▶ AIM OF THE TASK: Report every line of the records below that contains the word "your".

▶ DATA IN THIS EXERCISE:

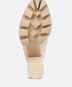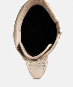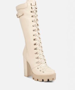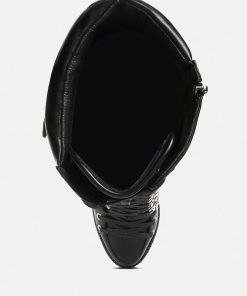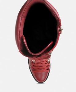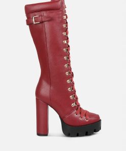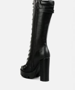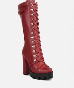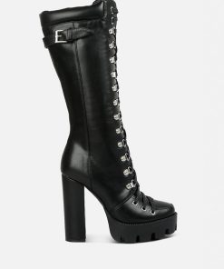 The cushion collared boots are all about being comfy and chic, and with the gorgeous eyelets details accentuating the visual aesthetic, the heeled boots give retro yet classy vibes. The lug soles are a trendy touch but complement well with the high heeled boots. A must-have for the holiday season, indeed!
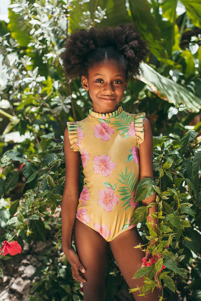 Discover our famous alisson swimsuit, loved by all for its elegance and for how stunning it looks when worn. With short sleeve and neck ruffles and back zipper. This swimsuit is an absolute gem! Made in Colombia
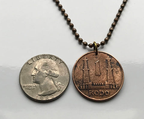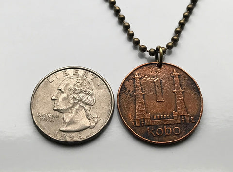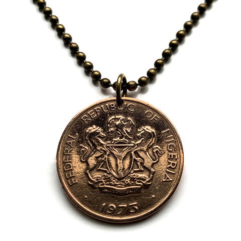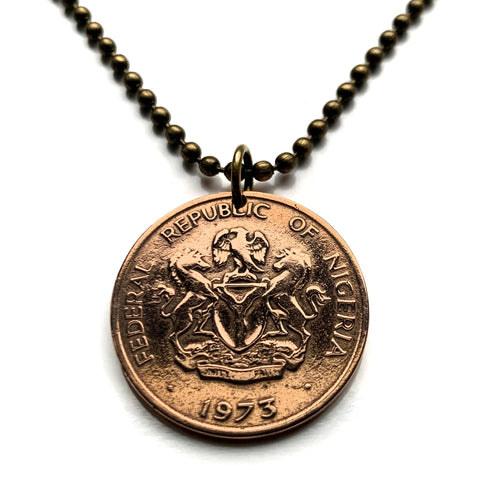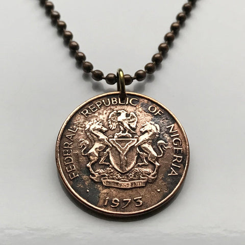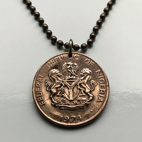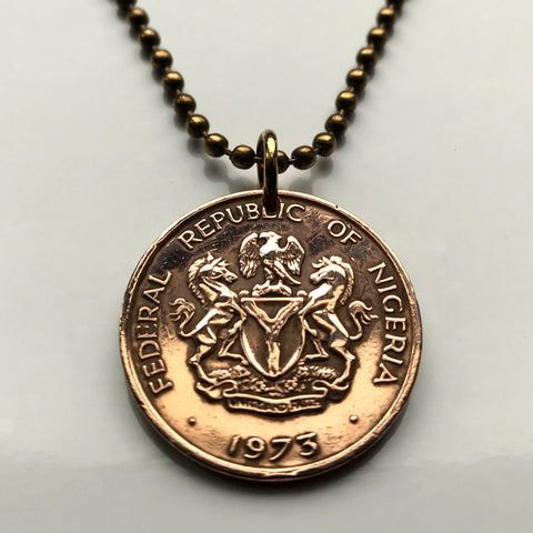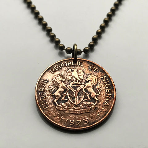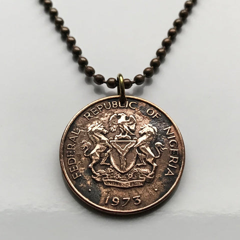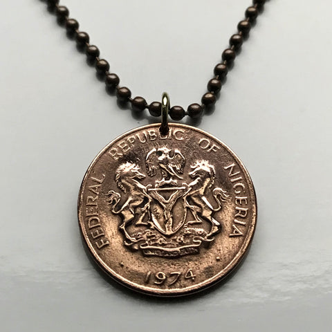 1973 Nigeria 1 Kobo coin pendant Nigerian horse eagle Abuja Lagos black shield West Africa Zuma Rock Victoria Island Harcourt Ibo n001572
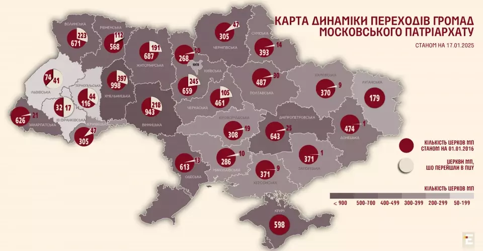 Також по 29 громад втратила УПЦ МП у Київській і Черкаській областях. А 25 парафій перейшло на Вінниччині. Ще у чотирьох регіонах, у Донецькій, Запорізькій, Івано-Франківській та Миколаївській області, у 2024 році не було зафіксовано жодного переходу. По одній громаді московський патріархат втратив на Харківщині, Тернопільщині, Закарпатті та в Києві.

--

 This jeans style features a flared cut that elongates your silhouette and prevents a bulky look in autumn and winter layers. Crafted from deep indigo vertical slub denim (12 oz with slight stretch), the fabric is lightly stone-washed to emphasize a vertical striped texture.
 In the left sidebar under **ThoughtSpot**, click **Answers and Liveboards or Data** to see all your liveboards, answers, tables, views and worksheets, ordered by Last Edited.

* * *

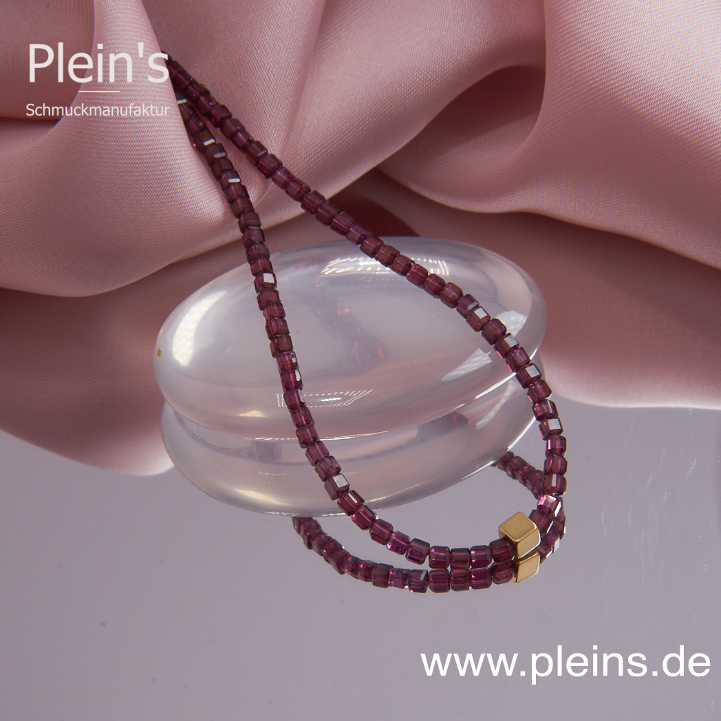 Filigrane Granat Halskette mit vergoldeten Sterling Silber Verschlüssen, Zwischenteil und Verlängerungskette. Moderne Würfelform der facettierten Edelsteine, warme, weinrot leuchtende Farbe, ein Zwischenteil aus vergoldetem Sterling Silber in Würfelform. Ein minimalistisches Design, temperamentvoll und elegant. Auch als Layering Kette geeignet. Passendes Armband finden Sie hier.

▶ ANSWER TO THIS TASK:
 This jeans style features a flared cut that elongates your silhouette and prevents a bulky look in autumn and winter layers. Crafted from deep indigo vertical slub denim (12 oz with slight stretch), the fabric is lightly stone-washed to emphasize a vertical striped texture.
 In the left sidebar under **ThoughtSpot**, click **Answers and Liveboards or Data** to see all your liveboards, answers, tables, views and worksheets, ordered by Last Edited.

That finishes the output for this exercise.